- Opening Delimiter -

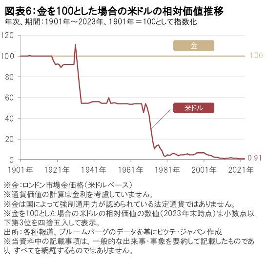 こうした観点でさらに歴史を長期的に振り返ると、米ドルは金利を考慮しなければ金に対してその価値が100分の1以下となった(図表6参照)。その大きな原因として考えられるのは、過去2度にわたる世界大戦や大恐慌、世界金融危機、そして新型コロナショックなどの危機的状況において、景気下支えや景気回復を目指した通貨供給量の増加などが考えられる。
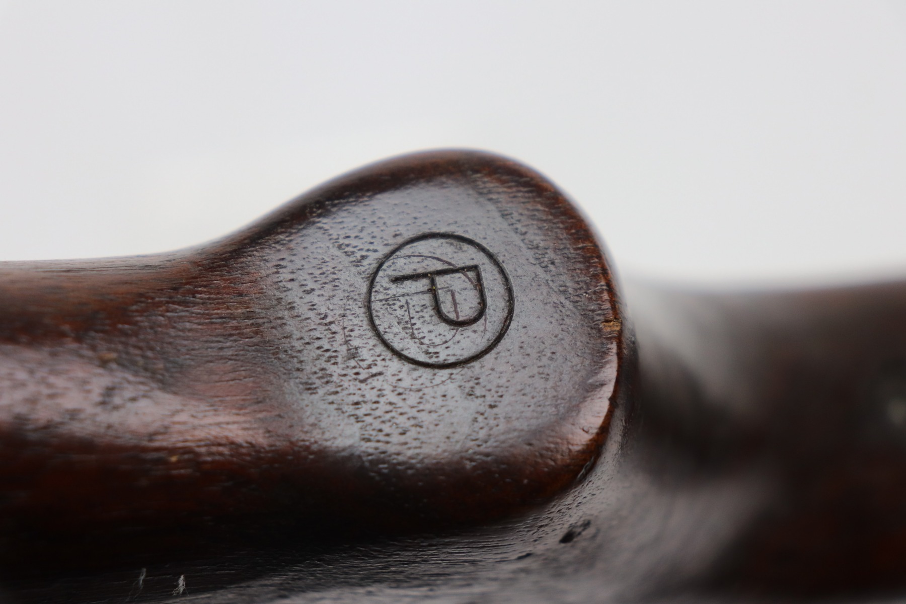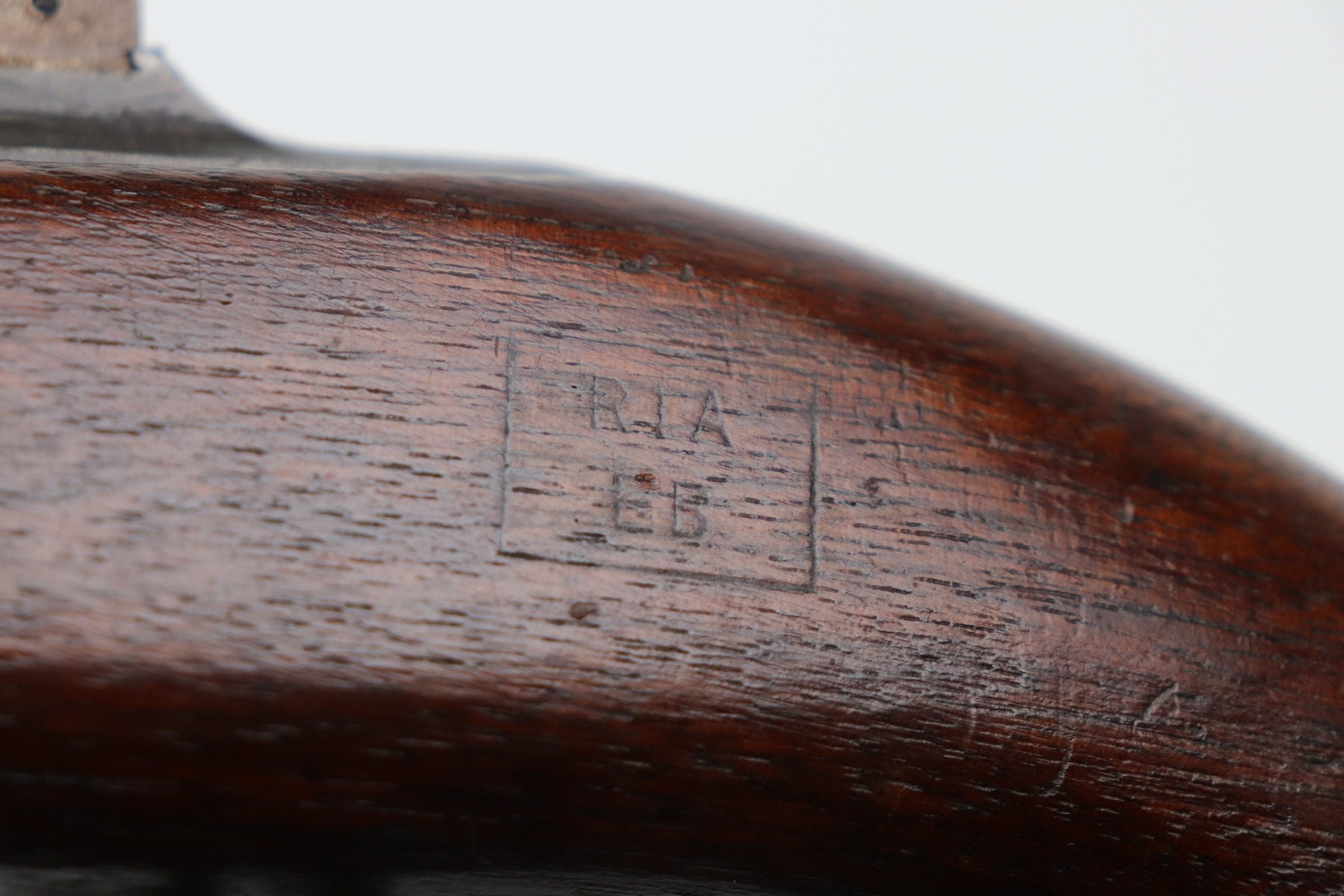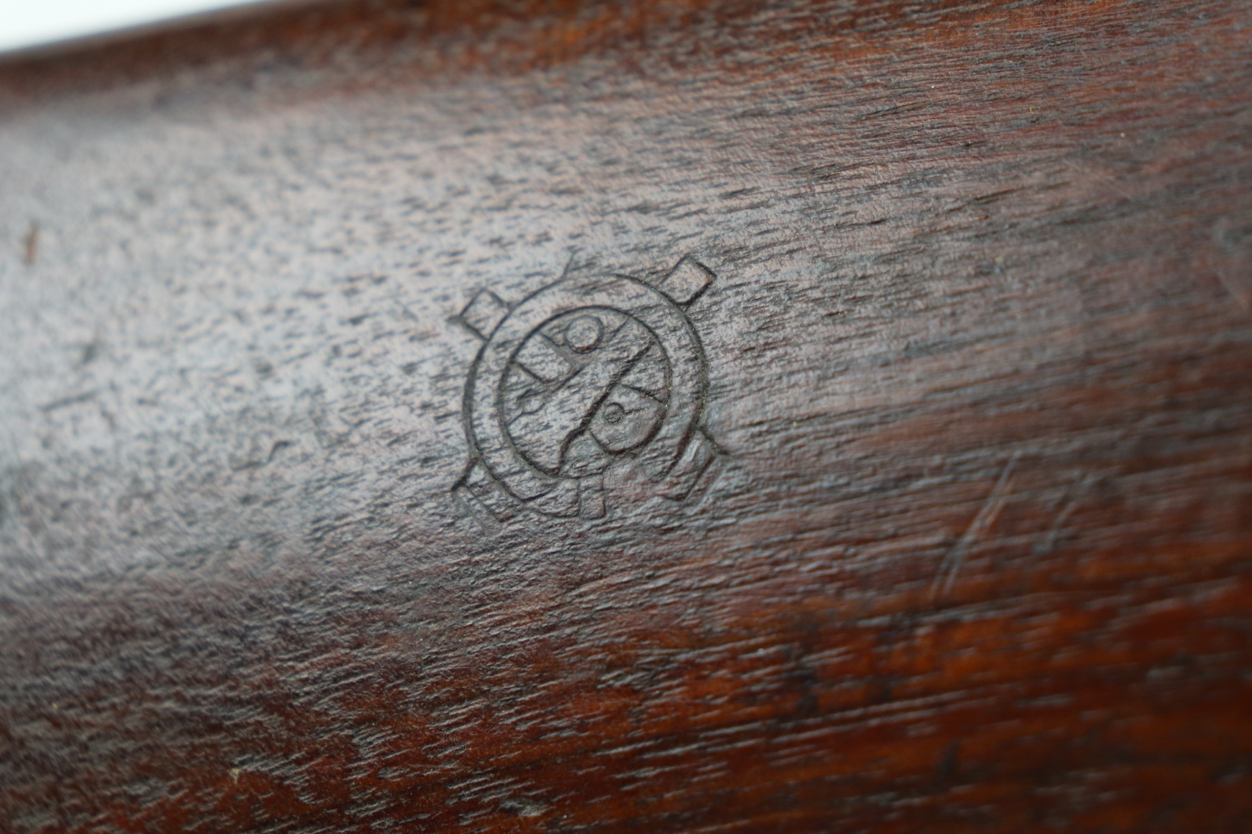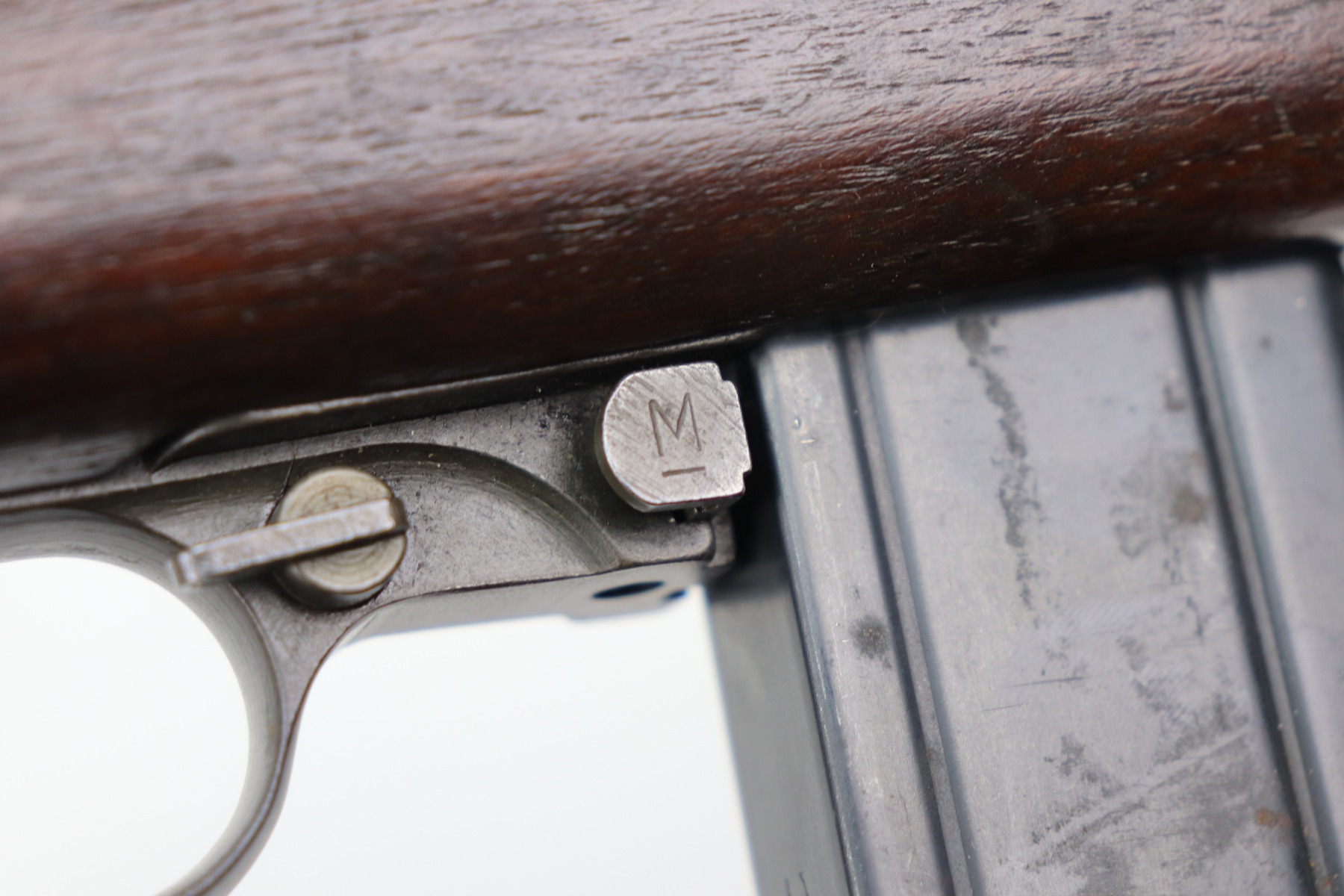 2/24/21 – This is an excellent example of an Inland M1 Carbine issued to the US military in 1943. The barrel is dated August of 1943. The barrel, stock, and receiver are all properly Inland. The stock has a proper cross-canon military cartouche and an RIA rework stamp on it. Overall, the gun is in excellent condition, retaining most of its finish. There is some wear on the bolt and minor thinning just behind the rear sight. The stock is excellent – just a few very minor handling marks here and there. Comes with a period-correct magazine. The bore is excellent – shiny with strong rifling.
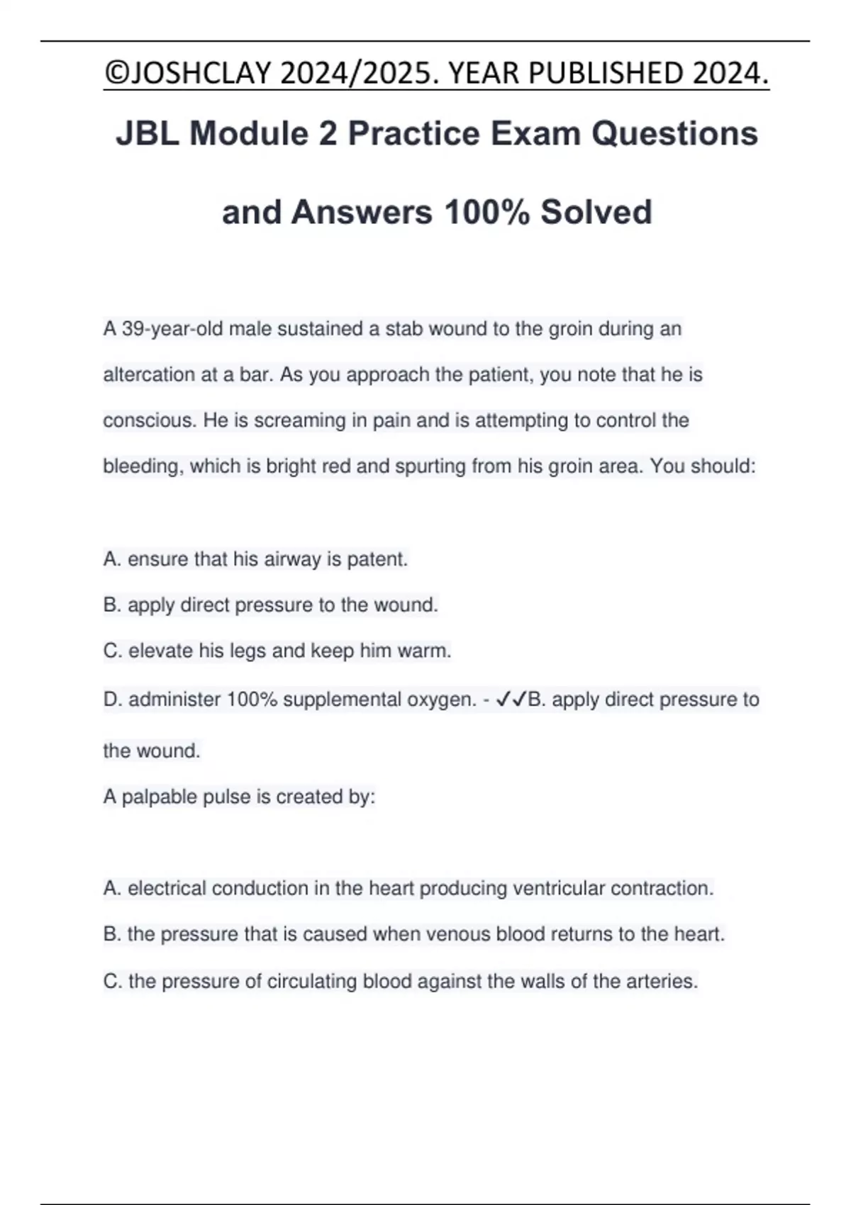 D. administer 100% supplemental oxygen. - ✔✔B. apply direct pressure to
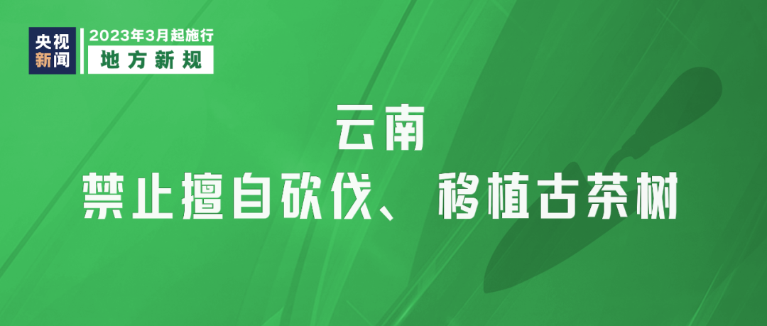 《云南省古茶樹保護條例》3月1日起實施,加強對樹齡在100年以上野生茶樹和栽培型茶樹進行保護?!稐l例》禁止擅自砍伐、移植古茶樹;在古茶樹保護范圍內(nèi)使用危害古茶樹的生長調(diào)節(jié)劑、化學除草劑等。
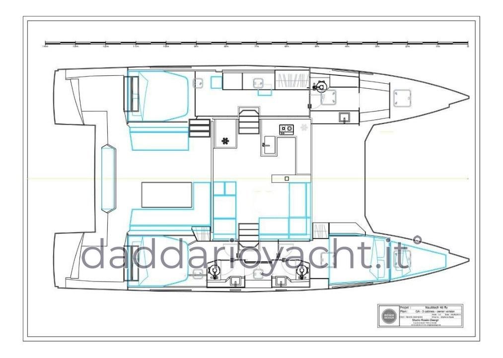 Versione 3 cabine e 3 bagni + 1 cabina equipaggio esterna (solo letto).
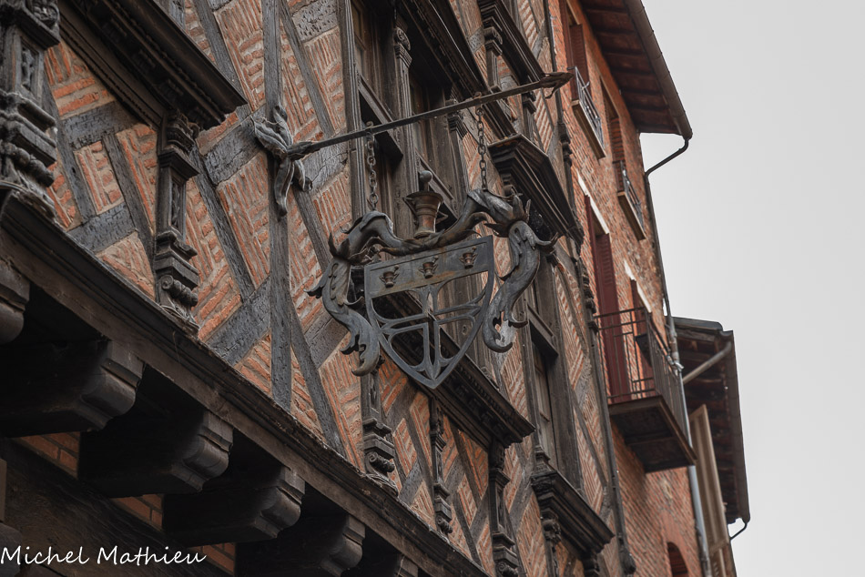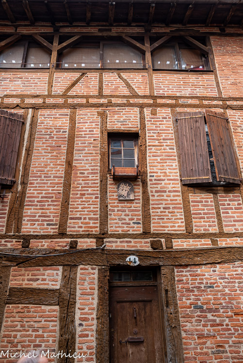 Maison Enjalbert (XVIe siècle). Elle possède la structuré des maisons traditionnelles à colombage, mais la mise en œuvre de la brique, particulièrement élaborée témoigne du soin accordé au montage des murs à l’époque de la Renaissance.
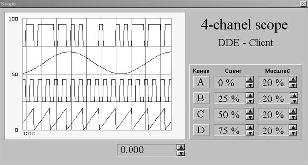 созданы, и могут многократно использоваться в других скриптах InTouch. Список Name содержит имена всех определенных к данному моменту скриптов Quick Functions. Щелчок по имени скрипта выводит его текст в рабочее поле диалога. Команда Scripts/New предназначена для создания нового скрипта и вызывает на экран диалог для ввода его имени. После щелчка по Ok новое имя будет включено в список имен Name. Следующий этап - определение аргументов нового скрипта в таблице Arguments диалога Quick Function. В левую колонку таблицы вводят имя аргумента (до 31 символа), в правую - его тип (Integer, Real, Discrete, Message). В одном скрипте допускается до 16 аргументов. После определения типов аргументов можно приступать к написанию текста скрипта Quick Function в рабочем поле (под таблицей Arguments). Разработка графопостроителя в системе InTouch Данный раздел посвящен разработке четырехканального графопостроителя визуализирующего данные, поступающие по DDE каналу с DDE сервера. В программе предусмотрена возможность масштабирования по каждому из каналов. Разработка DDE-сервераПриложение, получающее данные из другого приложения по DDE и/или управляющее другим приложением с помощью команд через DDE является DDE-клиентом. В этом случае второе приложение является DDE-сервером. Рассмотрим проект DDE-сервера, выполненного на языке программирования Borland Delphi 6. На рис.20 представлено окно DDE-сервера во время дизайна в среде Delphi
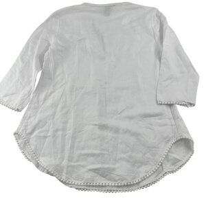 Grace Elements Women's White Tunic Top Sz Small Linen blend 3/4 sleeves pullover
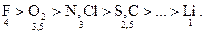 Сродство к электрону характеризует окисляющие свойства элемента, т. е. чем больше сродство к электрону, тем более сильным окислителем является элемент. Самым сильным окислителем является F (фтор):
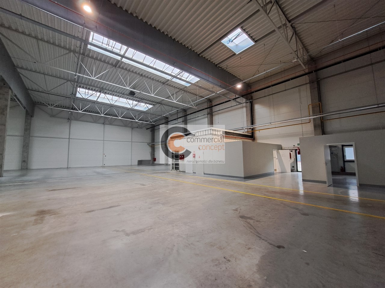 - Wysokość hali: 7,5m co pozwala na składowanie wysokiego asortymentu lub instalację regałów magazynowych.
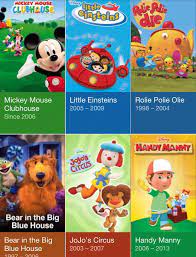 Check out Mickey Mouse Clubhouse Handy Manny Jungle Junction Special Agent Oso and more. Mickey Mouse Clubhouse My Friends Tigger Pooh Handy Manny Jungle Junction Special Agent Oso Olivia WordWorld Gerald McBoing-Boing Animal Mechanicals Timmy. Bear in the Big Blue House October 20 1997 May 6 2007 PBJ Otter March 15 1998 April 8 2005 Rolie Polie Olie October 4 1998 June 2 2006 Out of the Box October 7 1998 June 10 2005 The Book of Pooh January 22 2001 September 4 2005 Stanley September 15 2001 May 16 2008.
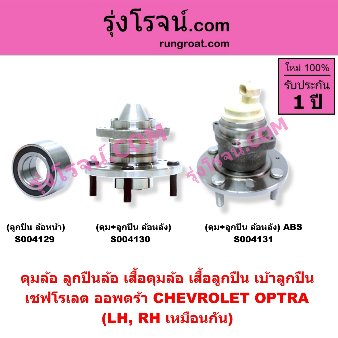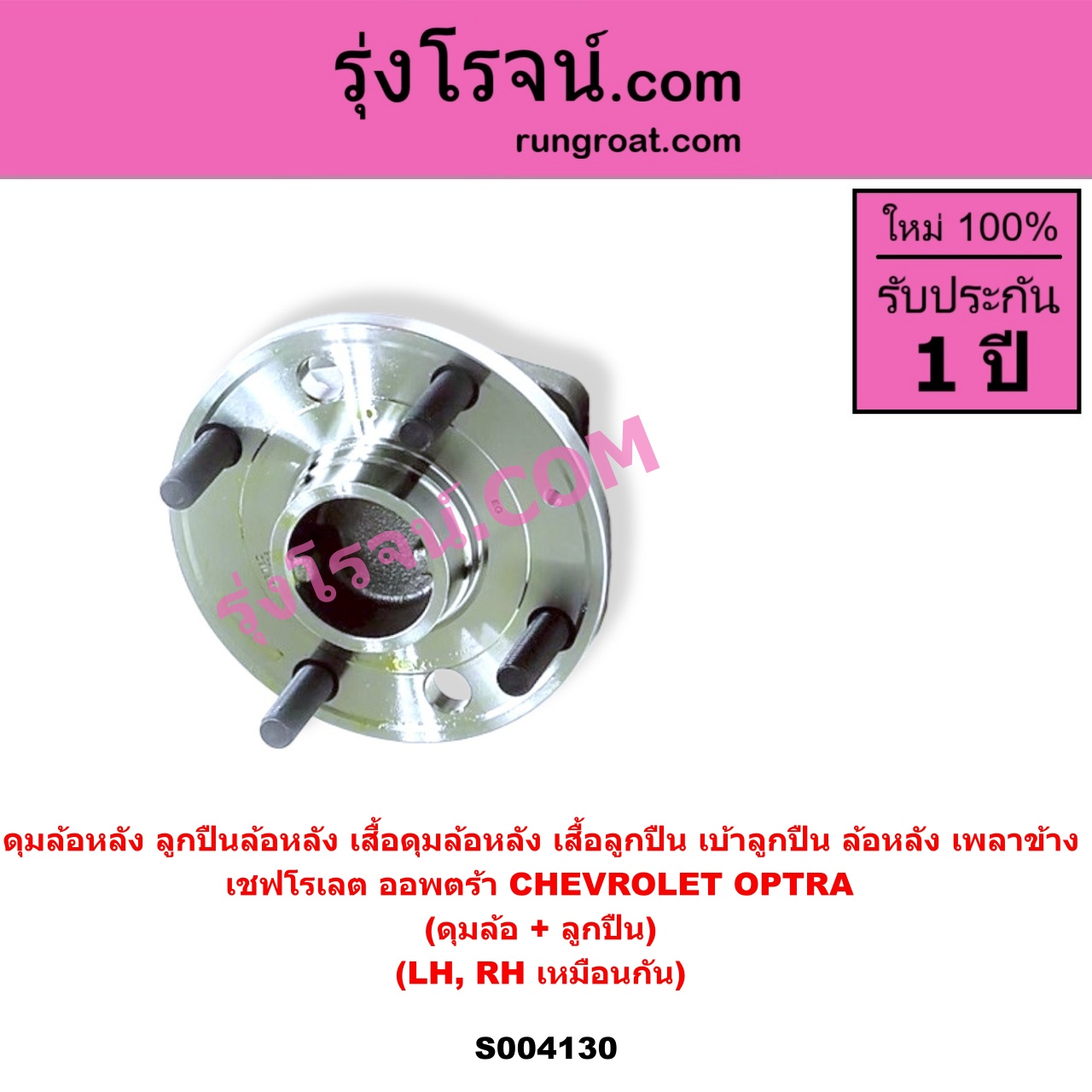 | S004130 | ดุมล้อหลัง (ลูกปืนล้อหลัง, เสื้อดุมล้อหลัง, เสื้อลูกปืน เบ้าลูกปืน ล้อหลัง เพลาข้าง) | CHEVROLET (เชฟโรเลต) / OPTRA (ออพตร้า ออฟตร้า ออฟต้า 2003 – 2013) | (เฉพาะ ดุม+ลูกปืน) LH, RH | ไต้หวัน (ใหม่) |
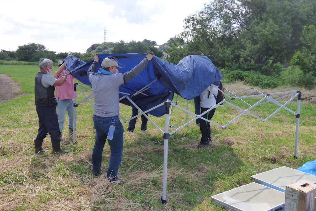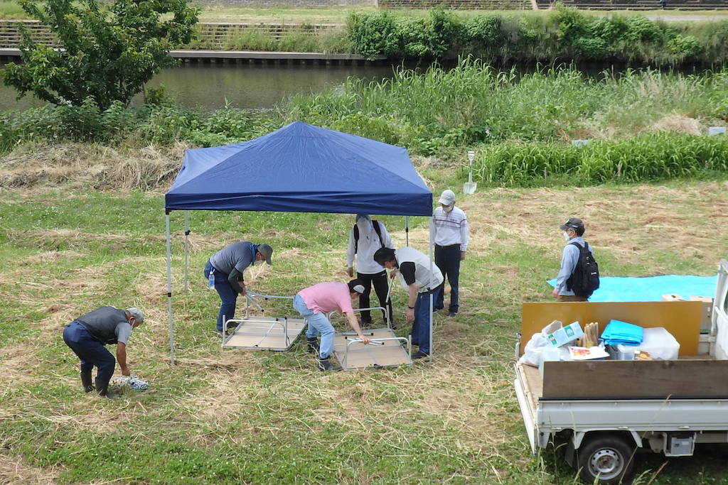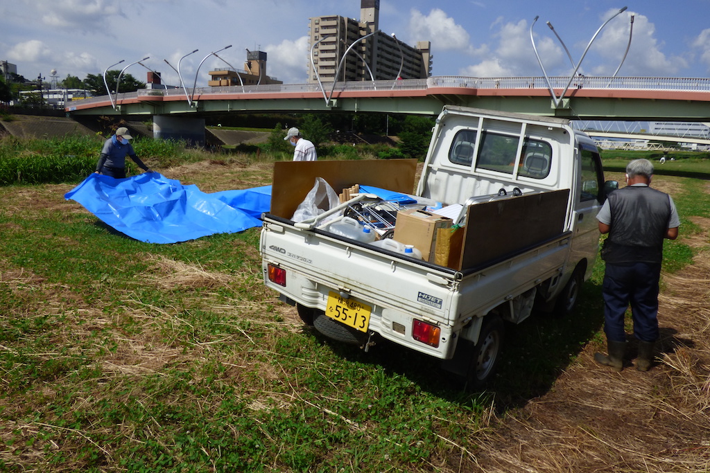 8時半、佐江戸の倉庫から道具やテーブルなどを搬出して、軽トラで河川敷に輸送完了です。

- Closing Delimiter -

> _WHAT TO WORK ON_
The lines wanted run from the first one in the material above through the line containing "Maison Enjalbert (XVIe"; give them again exactly, leaving out the pictures.

> _EXERCISE SOLUTION_
 こうした観点でさらに歴史を長期的に振り返ると、米ドルは金利を考慮しなければ金に対してその価値が100分の1以下となった(図表6参照)。その大きな原因として考えられるのは、過去2度にわたる世界大戦や大恐慌、世界金融危機、そして新型コロナショックなどの危機的状況において、景気下支えや景気回復を目指した通貨供給量の増加などが考えられる。
 2/24/21 – This is an excellent example of an Inland M1 Carbine issued to the US military in 1943. The barrel is dated August of 1943. The barrel, stock, and receiver are all properly Inland. The stock has a proper cross-canon military cartouche and an RIA rework stamp on it. Overall, the gun is in excellent condition, retaining most of its finish. There is some wear on the bolt and minor thinning just behind the rear sight. The stock is excellent – just a few very minor handling marks here and there. Comes with a period-correct magazine. The bore is excellent – shiny with strong rifling.
 D. administer 100% supplemental oxygen. - ✔✔B. apply direct pressure to
 《云南省古茶樹保護條例》3月1日起實施,加強對樹齡在100年以上野生茶樹和栽培型茶樹進行保護?!稐l例》禁止擅自砍伐、移植古茶樹;在古茶樹保護范圍內(nèi)使用危害古茶樹的生長調(diào)節(jié)劑、化學除草劑等。
 Versione 3 cabine e 3 bagni + 1 cabina equipaggio esterna (solo letto).
 Maison Enjalbert (XVIe siècle). Elle possède la structuré des maisons traditionnelles à colombage, mais la mise en œuvre de la brique, particulièrement élaborée témoigne du soin accordé au montage des murs à l’époque de la Renaissance.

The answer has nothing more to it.